WORK ITEM » Could you repeat the whole listing below exactly, omitting any picture it holds?

SUPPLIED MATERIAL »

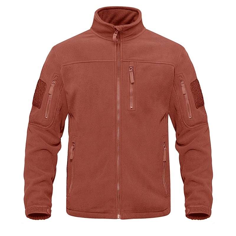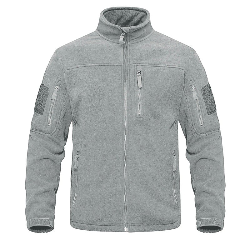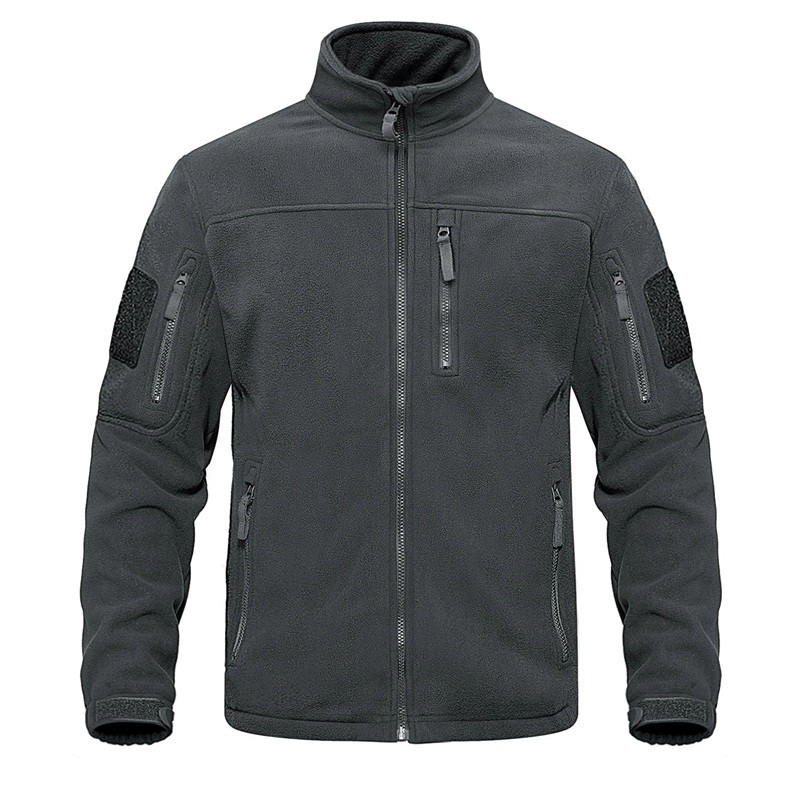 Miesten taktinen ulkoilufleecetakki useilla vetoketjullisilla taskuilla, korkea kaulus, tuulenpitävä vaellusvaatetus
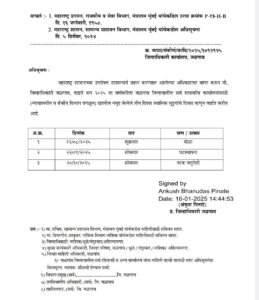 नागरिकांनो, प्रभारी जिल्हाधिकारी अंकुश पिनाटे यांनी ‘या’ दिवशी सुट्ट्या केल्या जाहीर; अधिकृत पत्राद्वारे दिली माहिती
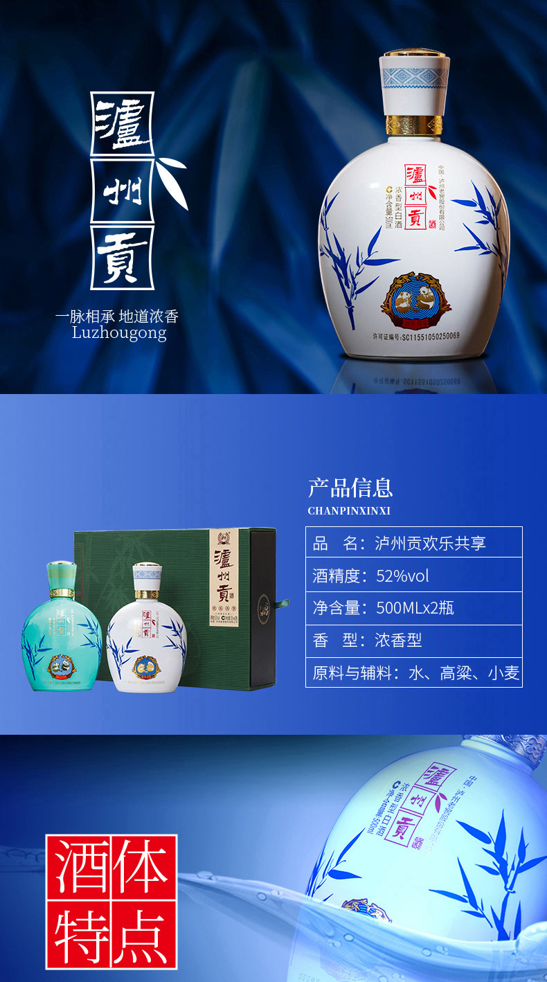 泸州老窖官方直营,新品泸州贡 52度浓香型白酒,以高粱小麦原料,酒体绵甜,尾净香长,柔和协调,精美包装,适合自饮、宴请、送礼。规格:52%vol,500ml*6瓶。
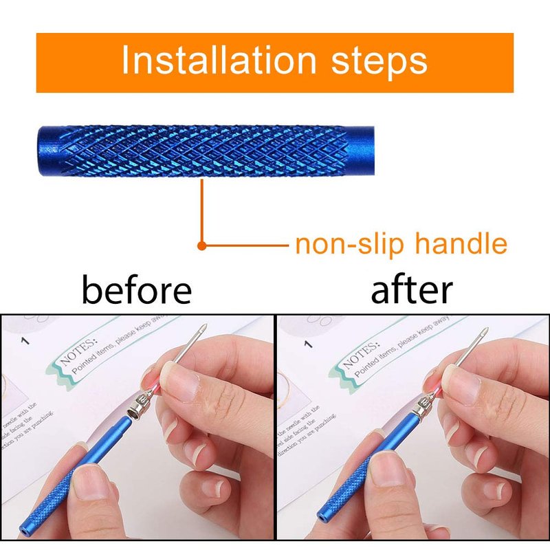 - High Quality: This stitching punch needle set is made of high-quality material, a non-slip handle, and one metal handle, durable for use. Needle tips just push into the handle. It can be used without the handle as well. A good-quality punch needle threader is also included for easy threading.

ANSWER TO THIS EXERCISE »
 Miesten taktinen ulkoilufleecetakki useilla vetoketjullisilla taskuilla, korkea kaulus, tuulenpitävä vaellusvaatetus
 नागरिकांनो, प्रभारी जिल्हाधिकारी अंकुश पिनाटे यांनी ‘या’ दिवशी सुट्ट्या केल्या जाहीर; अधिकृत पत्राद्वारे दिली माहिती
 泸州老窖官方直营,新品泸州贡 52度浓香型白酒,以高粱小麦原料,酒体绵甜,尾净香长,柔和协调,精美包装,适合自饮、宴请、送礼。规格:52%vol,500ml*6瓶。
 - High Quality: This stitching punch needle set is made of high-quality material, a non-slip handle, and one metal handle, durable for use. Needle tips just push into the handle. It can be used without the handle as well. A good-quality punch needle threader is also included for easy threading.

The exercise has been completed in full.